The Pilates for Busy People Weekly Show
This week I talk to Moyra Mackie an executive coach, who coaches leaders and their teams and works with them to basically de stress them so that they can calm down. So, they can get off that hamster wheel and think more clearly and focus on what they really need to improve, which is usually their relationships.
Where do your coaching sessions normally take place?
It varies. I do a lot of coaching now on zoom. I do a lot on the phone as well, but then I also go to client so I got a wonderful client who has their head offices in a barn conversion in the Oxfordshire countryside, and that’s fantastic. But often it’s London. So, it’s a busy office, sometimes we can be down in the basement in a windowless room somewhere. FinTech companies have some of the worst meeting rooms you can imagine.
You posted a photo on Instagram of one of your walking meetings, how do these work?
“I do work in meetings with quite a lot of my clients. I mean, that’s that I’m standing here now talking to you. I sit way too much. I’m standing a lot when I’m facilitating or speaking, that kind of thing. I believe in movement; I know the importance of movement.

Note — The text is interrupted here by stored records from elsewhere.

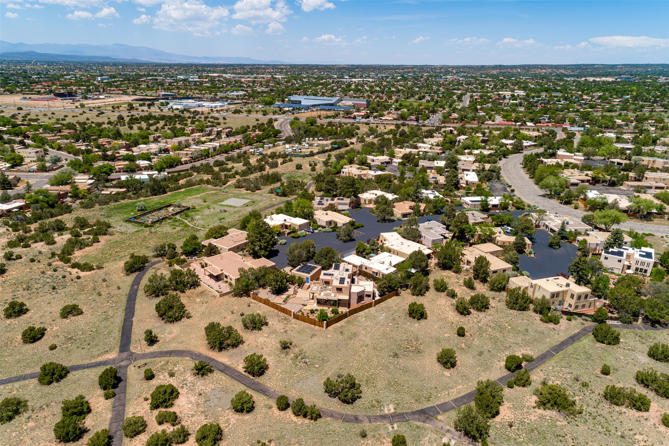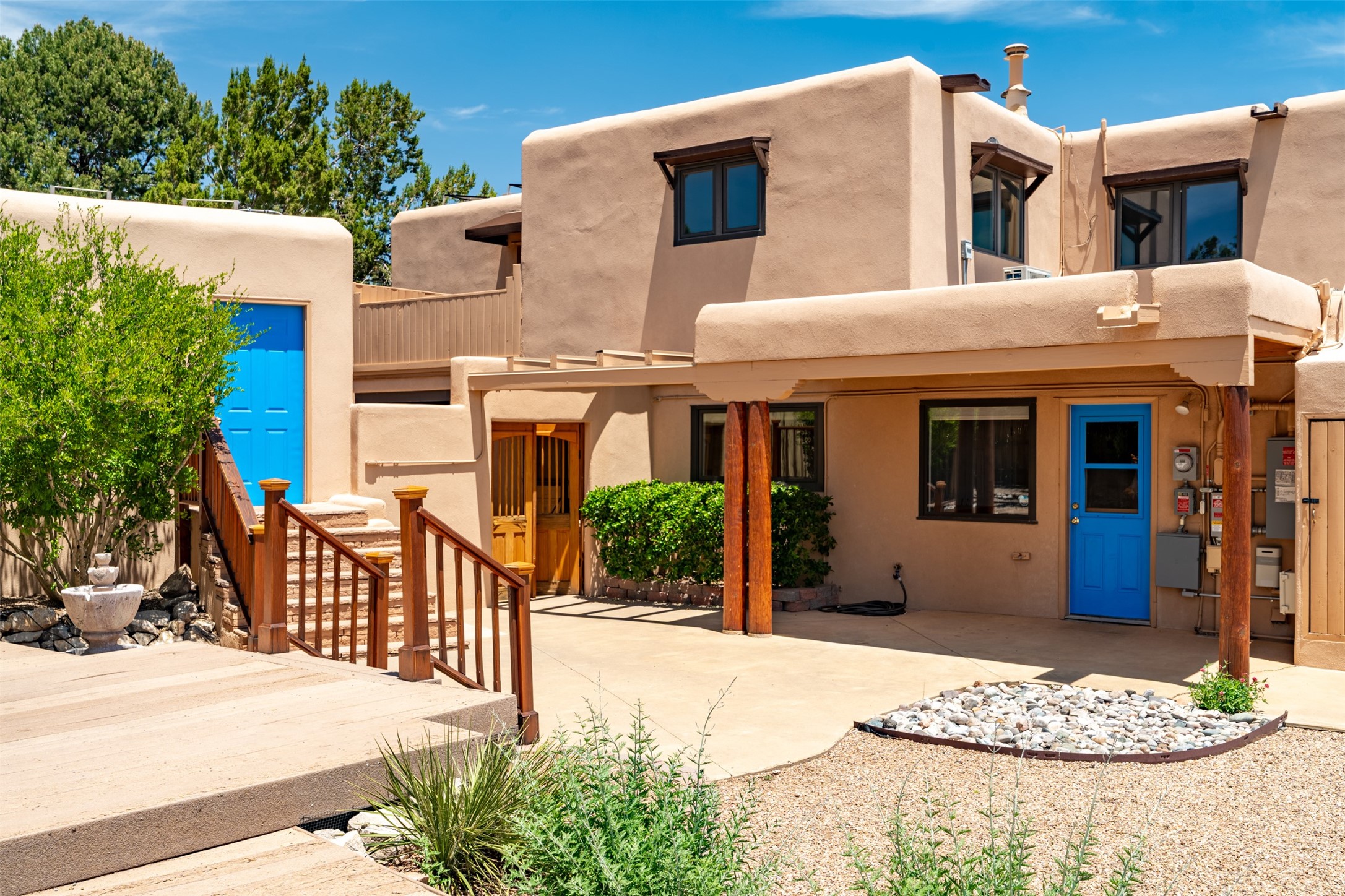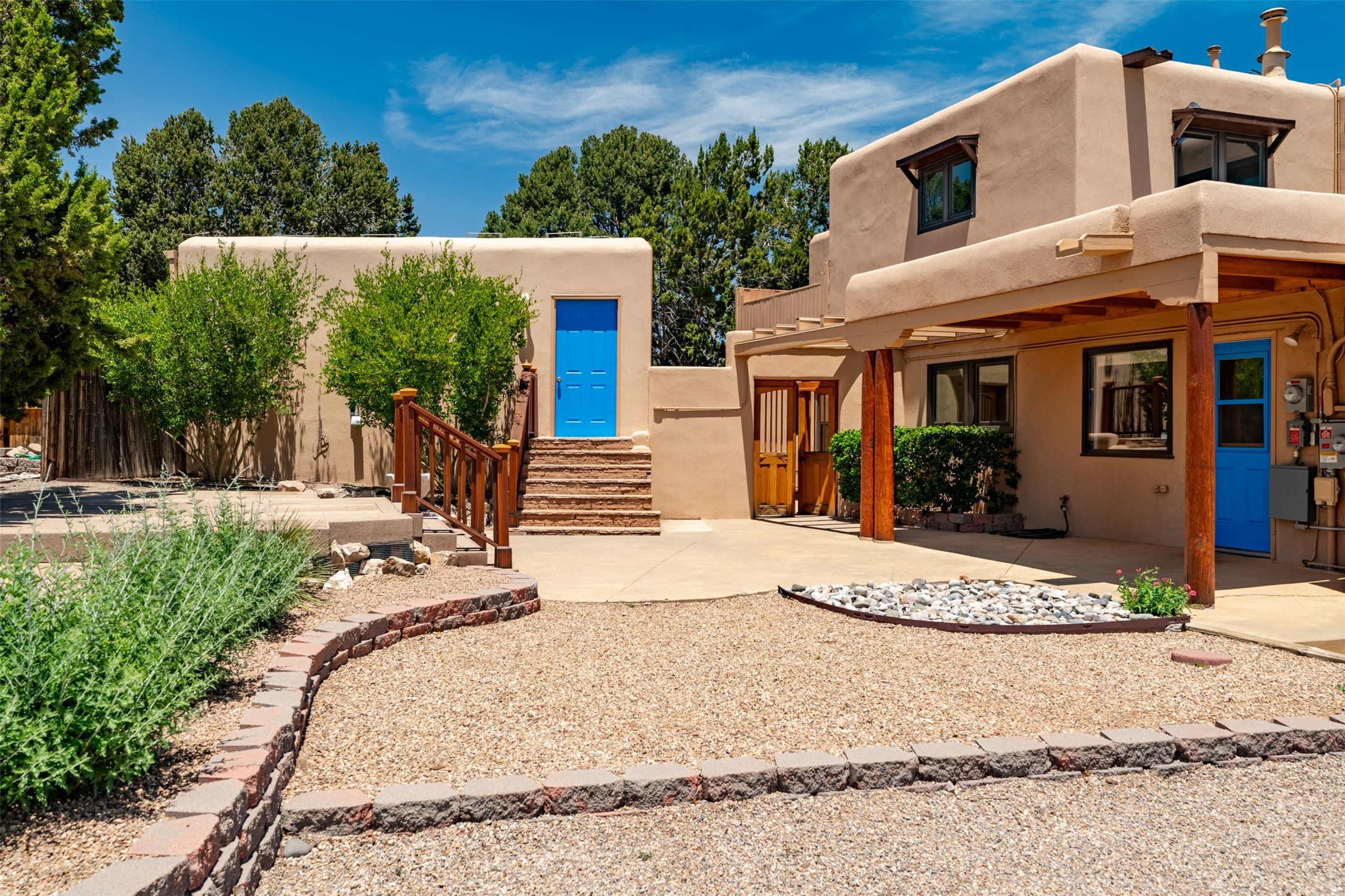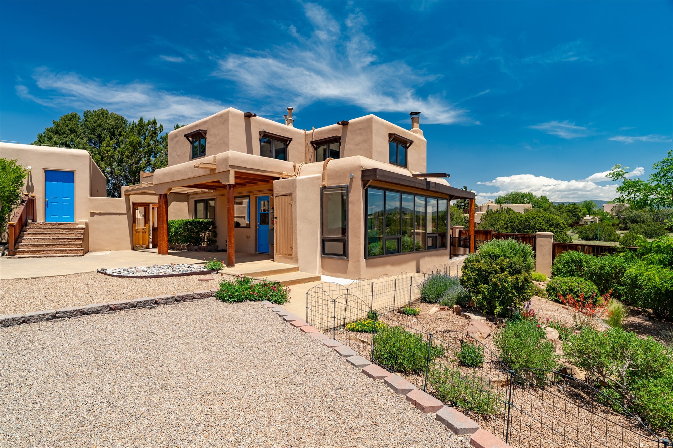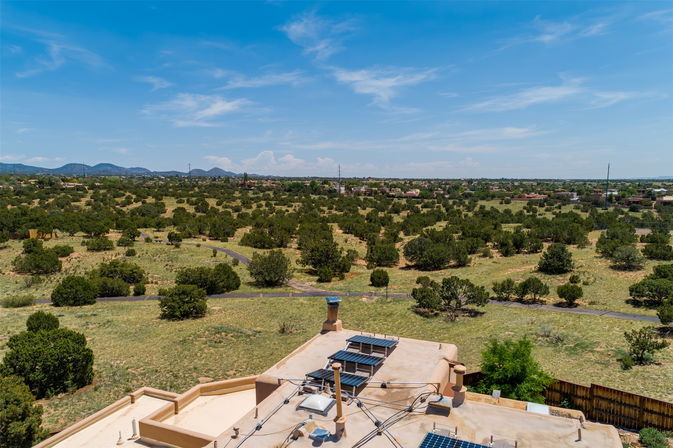 Nestled amid sweeping views and exquisite natural surroundings, this remarkable 4-bedroom, two story, home is a serene and sustainable retreat with a perfect blend of comfort, character, and eco-conscious upgrades. The luxurious, newer (2020) 600 sq ft primary suite on the main floor offers privacy and indulgence, complete with its own mini-split system, a spa-like bathroom, and direct access to outdoor living spaces. Three additional bedrooms are upstairs, where a sunny second-floor deck invites morning coffee or sunset unwinding.Skylights throughout the home bathe the interiors in natural light, highlighting thoughtful details like American clay walls, wood-beamed ceilings, and not one, but two fireplaces--including a charming corner Kiva in the dining room and a striking centerpiece hearth in the living room with a cozy built-in window seat.The bright, eat-in kitchen is a delight with newer appliances, abundant cabinetry, a classic white subway tile backsplash, and views that inspire. Comfort is ensured year-round with two-zone HVAC, refrigerated A/C, mini-splits, and tankless hot water in both upstairs baths.Outside, this home continues to impress with lush xeriscaping, a fenced garden area, and a fully fenced yard. A detached two-car garage includes an extra storage room, while multiple portals and decks provide ideal spots for dining, relaxing, or stargazing. Eco-conscious buyers will appreciate the complete solar electric system and 900-gallon rainwater catchment.This home is a rare find--where views, design, and sustainability come together in perfect harmony.This home is tucked away at the end of a cul-de-sac, with acres of open space and walking trails behind the house. Park Plazas has 8-9 miles of hiking trails, tennis courts, a community garden and is an oasis in the center of Santa Fe close to restaurants, shopping and other amenities, Don't miss this spectacular home in this wonderful neighborhood.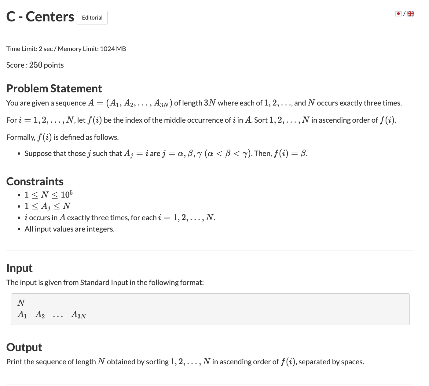 N이 주어지고 3 * N개의 입력으로 숫자들이 입력된다. 이때 i (1 <= i <= N)에 속하는 숫자들은 반드시 3번 입력이 된다.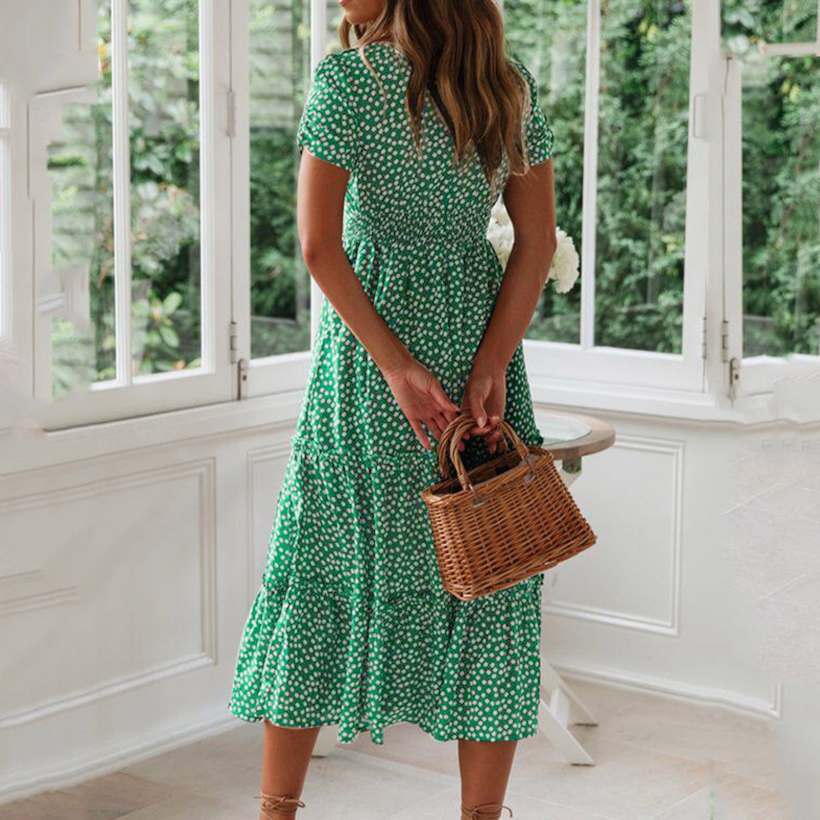 Женское Короткое платье из мягкого и легкого материала идеально подходит для теплых летних дней. Очень приятный на ощупь светильник, приятный на ощупь. Летнее платье особенно привлекательно с цветочным принтом и лучше, чтобы увидеть проблему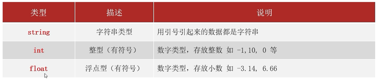 目前在入门阶段,我们主要接触如下三类数据类型: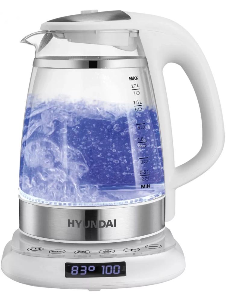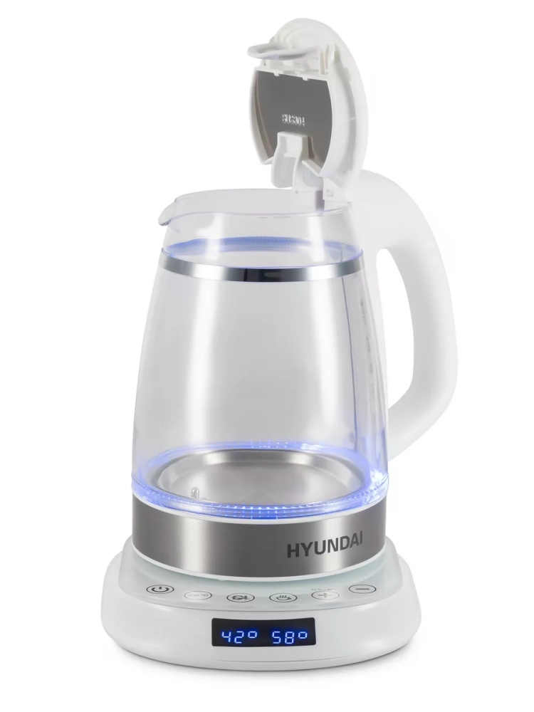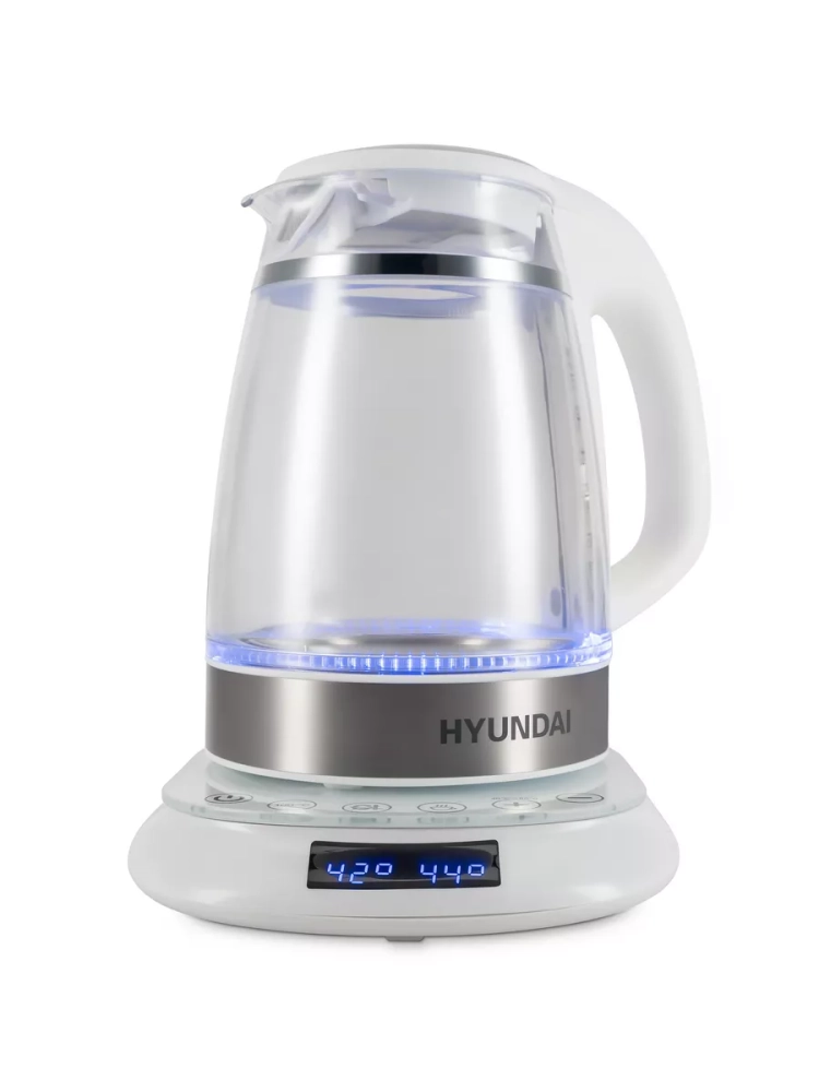 Чайник электрический Hyundai HYK-G5507 белый/серебристый, объём 1.7л, мощность 2200Вт, материал корпуса: стекло. Двойной теплоизолированный корпус. Внешний корпус из прозрачного пластика, защищает от случайного ожога при прикосновении. Внутренний корпус из боросиликатного стекла, не впитывает и не выделяет примесей, не темнеет и не окрашивается со временем. Электрический чайник с двойными стенками на базе, для быстрого приготовления теплой и горячей воды нужной температуры под разные цели. Это не просто чайник, а современный, безопасный и качественный инструмент на вашей кухне под разные задачи. Информационный дисплей, сенсорное управление установками температуры 40-100С и функцией поддержания, для любых напитков и бытовых нужд.

First of all, it started as a response to really rubbish coaching rooms. In London, you’re never far from an open space. So green space, or even internally some of these buildings have got so much public space that you can walk around. I started initially by saying, why don’t we just go out and grab a coffee some of these execs have not been out all day. They’ve been sat at their desk all day. As long as they’re in their same environment, they’re not going to be thinking differently it.
Do you get more out of the person in these meetings?
I’m a whole body, whole systems type of person. I have an autoimmune condition myself. I know that the connection between our emotions and our thoughts and our feelings, it’s all connected our body and our minds all connected. They get use to that I promote mindfulness It fits with the kind of coaching that I do. But the results are usually that they are more open more quickly. There’s something about going in parallel with someone there’s something about just walking along together, rather than that sort of very kind of intense thing that can go on to sometimes it’s really a way of them letting off that steam and then we might sit down. But we’ve opened the space if you like, and literally we’ve opened the space, you know, we can breathe and then we can think and then we can feel.
Does your client become more creative?
We get stuck, don’t we? physically, we get stuck. And I think that thought wise and everything else we also can get stuck. And I think there is a connection
How do people react when you suggest a walking meeting?
Some people are really reluctant, you know, but one of the big teams I’m working with at the moment, we had a team retreat, and then we had all these practical tips that people could do and several of them committed to move more. Some of them have got the mindfulness app to tap stuff, but other ones have committed to putting the phone away and just going out without their phone, even if it’s just for five minutes or 10 minutes to get a coffee. I believe in kind of like the smallest possible steps you can possibly take to make a change.